┌─ THE RECORDS

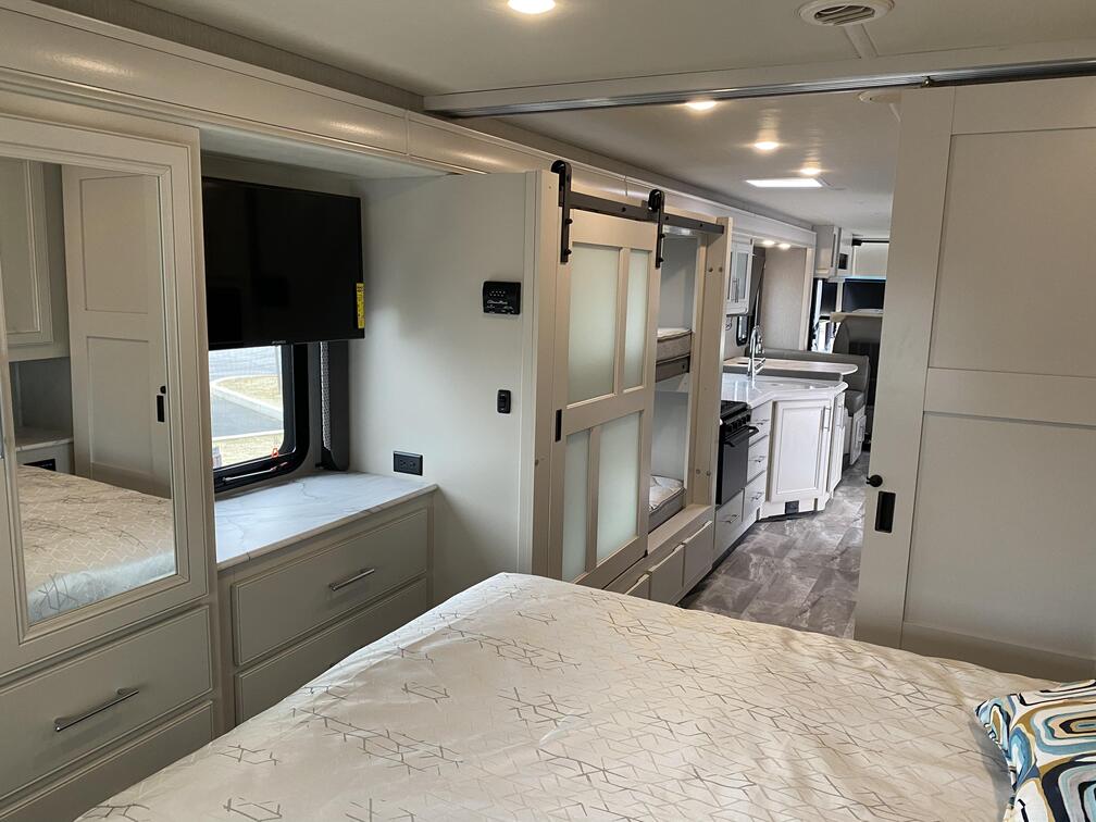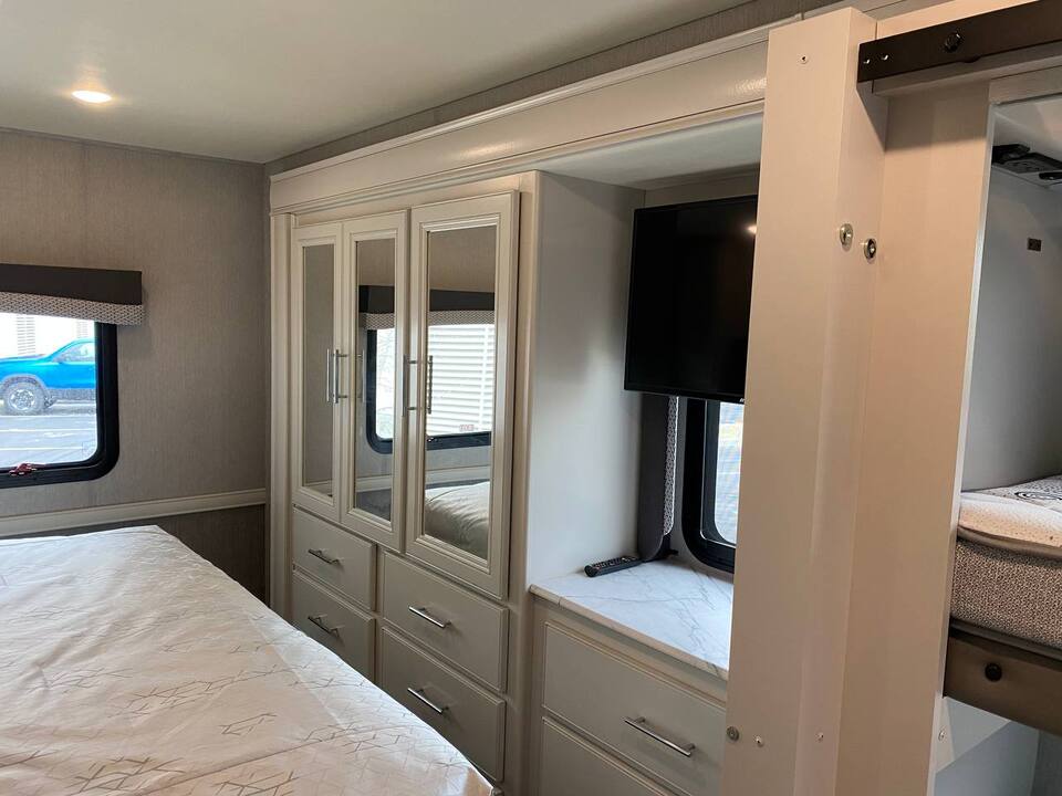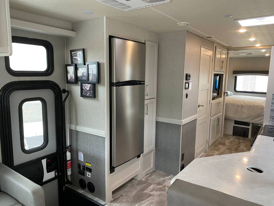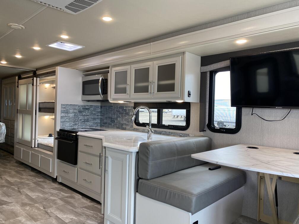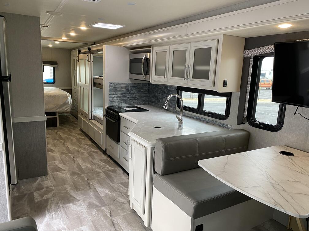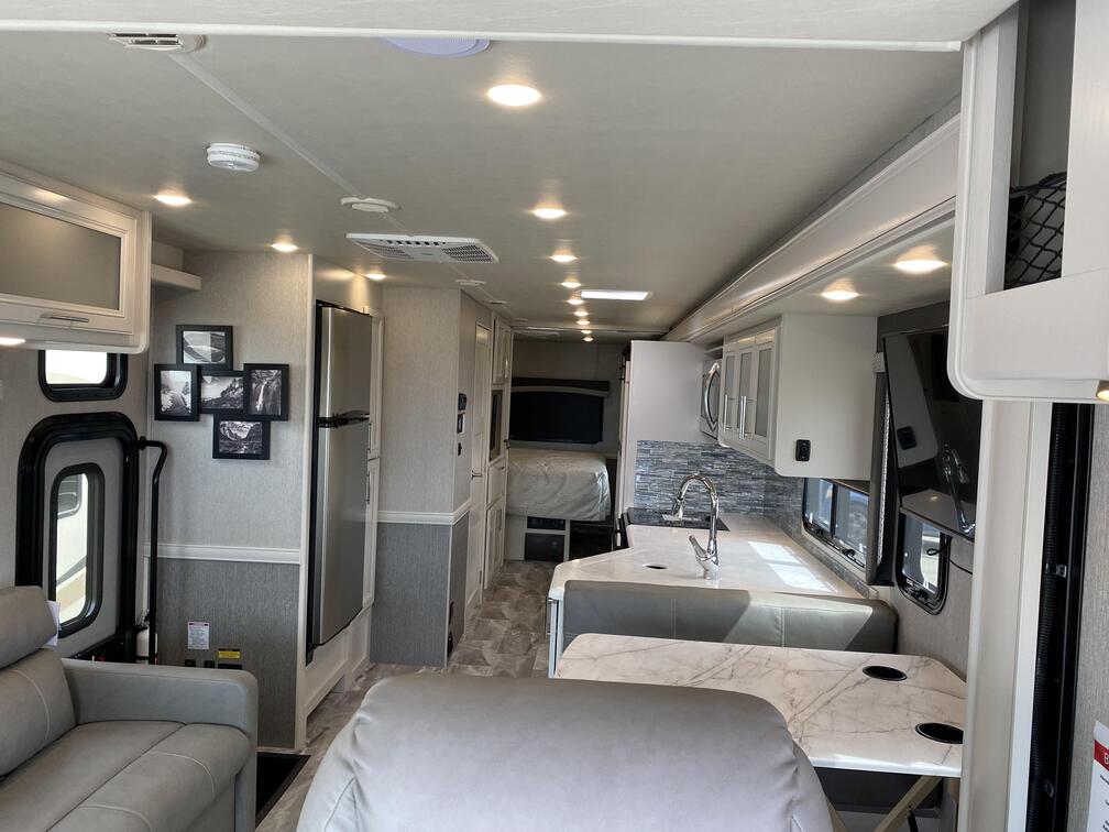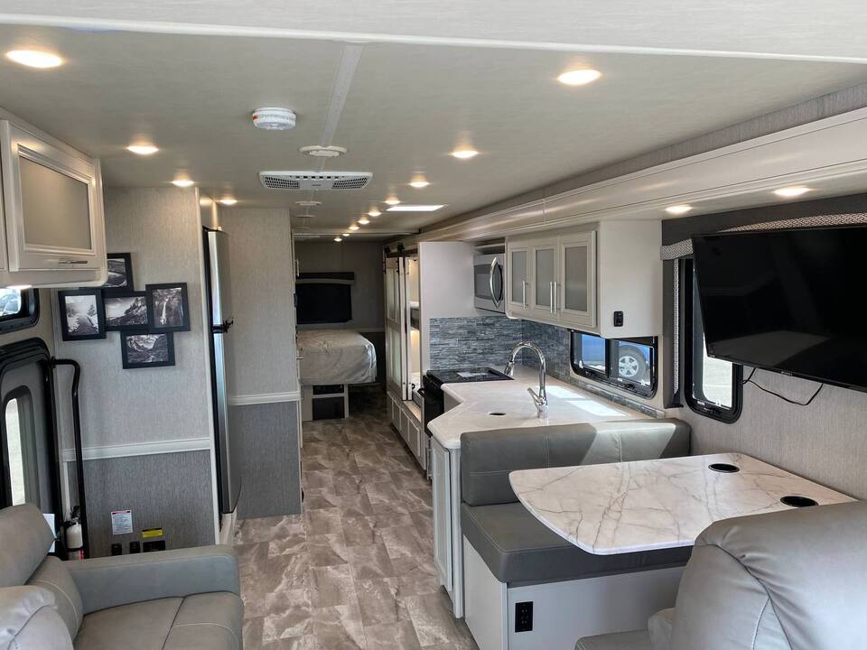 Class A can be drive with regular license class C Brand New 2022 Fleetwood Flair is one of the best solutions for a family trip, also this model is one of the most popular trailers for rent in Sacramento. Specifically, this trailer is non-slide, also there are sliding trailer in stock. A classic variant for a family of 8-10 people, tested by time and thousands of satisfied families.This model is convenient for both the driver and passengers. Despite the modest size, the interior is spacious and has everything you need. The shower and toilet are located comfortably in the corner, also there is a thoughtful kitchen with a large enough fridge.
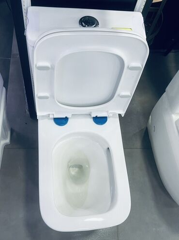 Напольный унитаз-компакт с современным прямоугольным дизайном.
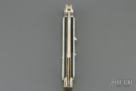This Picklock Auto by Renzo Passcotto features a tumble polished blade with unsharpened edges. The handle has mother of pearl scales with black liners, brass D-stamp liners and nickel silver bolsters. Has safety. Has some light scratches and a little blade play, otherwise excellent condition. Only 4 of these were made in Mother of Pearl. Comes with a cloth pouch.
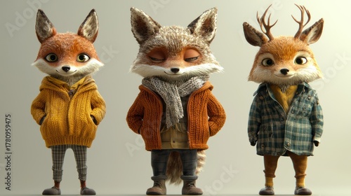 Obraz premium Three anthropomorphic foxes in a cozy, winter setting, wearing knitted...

└─
┌─ THE RECORDS

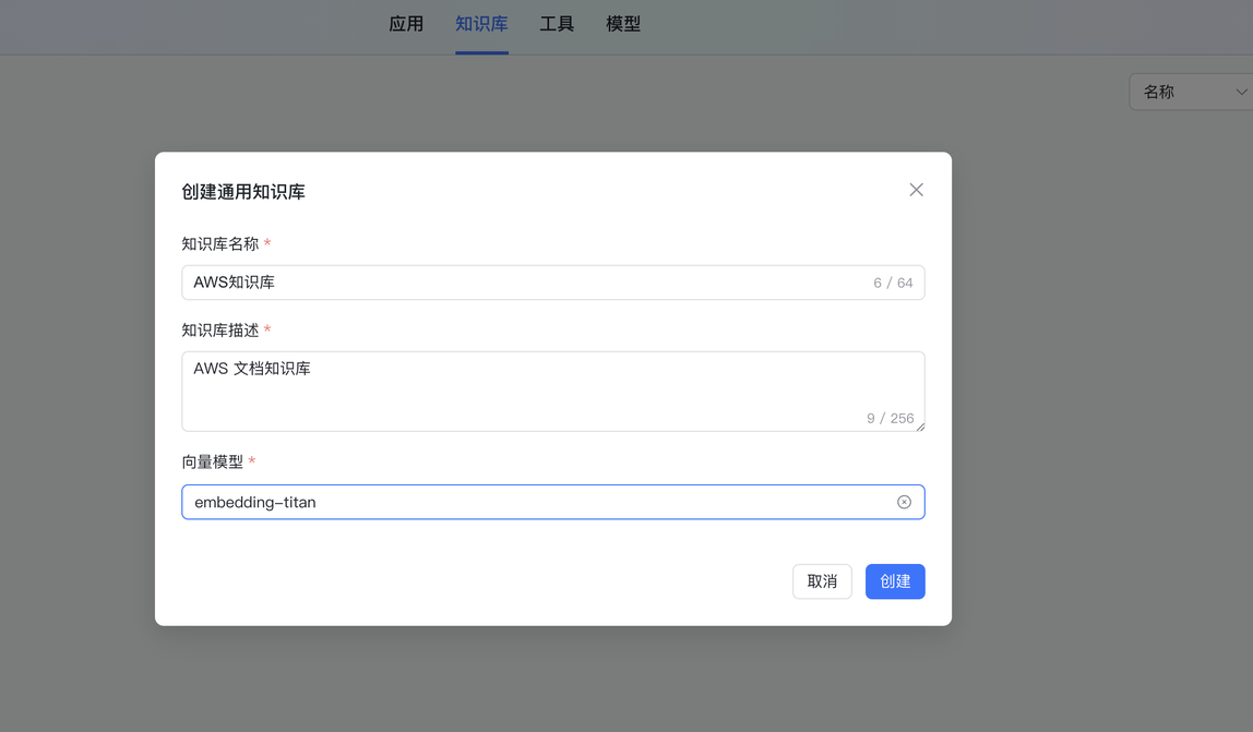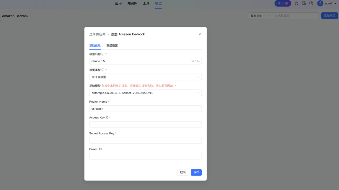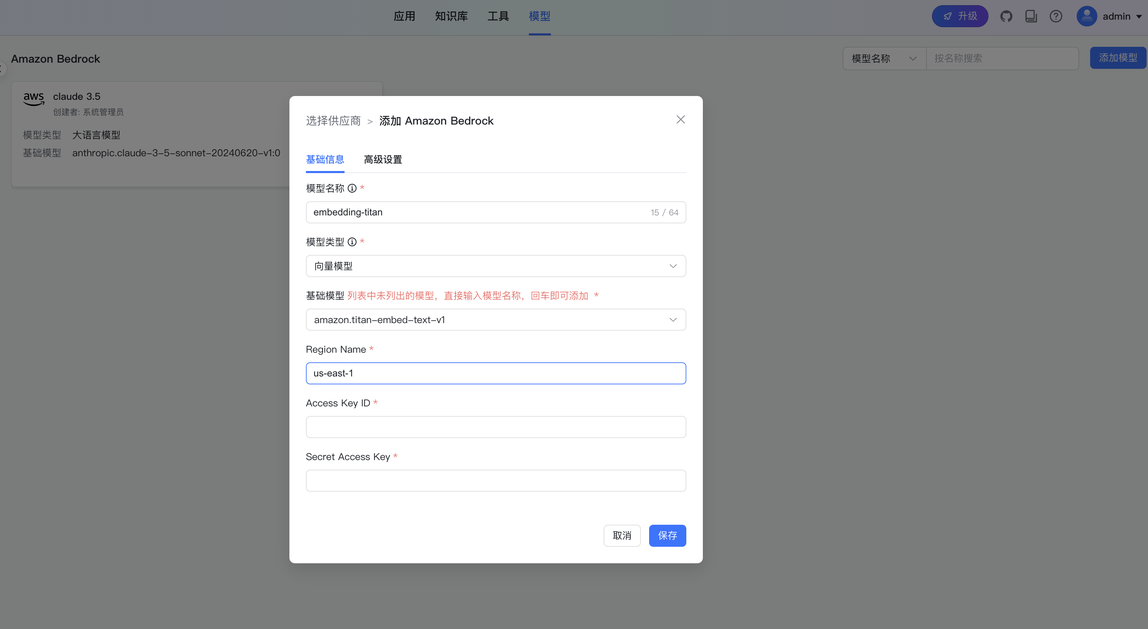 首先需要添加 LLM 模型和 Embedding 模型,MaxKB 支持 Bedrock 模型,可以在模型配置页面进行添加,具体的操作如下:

└─

*EXERCISE BRIEF:* Give back, exactly and without pictures, the stretch of the records above from the line containing "This Picklock Auto" through the line containing "Obraz premium Three", with both end lines included.

*ANSWER BOX:*
This Picklock Auto by Renzo Passcotto features a tumble polished blade with unsharpened edges. The handle has mother of pearl scales with black liners, brass D-stamp liners and nickel silver bolsters. Has safety. Has some light scratches and a little blade play, otherwise excellent condition. Only 4 of these were made in Mother of Pearl. Comes with a cloth pouch.
 Obraz premium Three anthropomorphic foxes in a cozy, winter setting, wearing knitted...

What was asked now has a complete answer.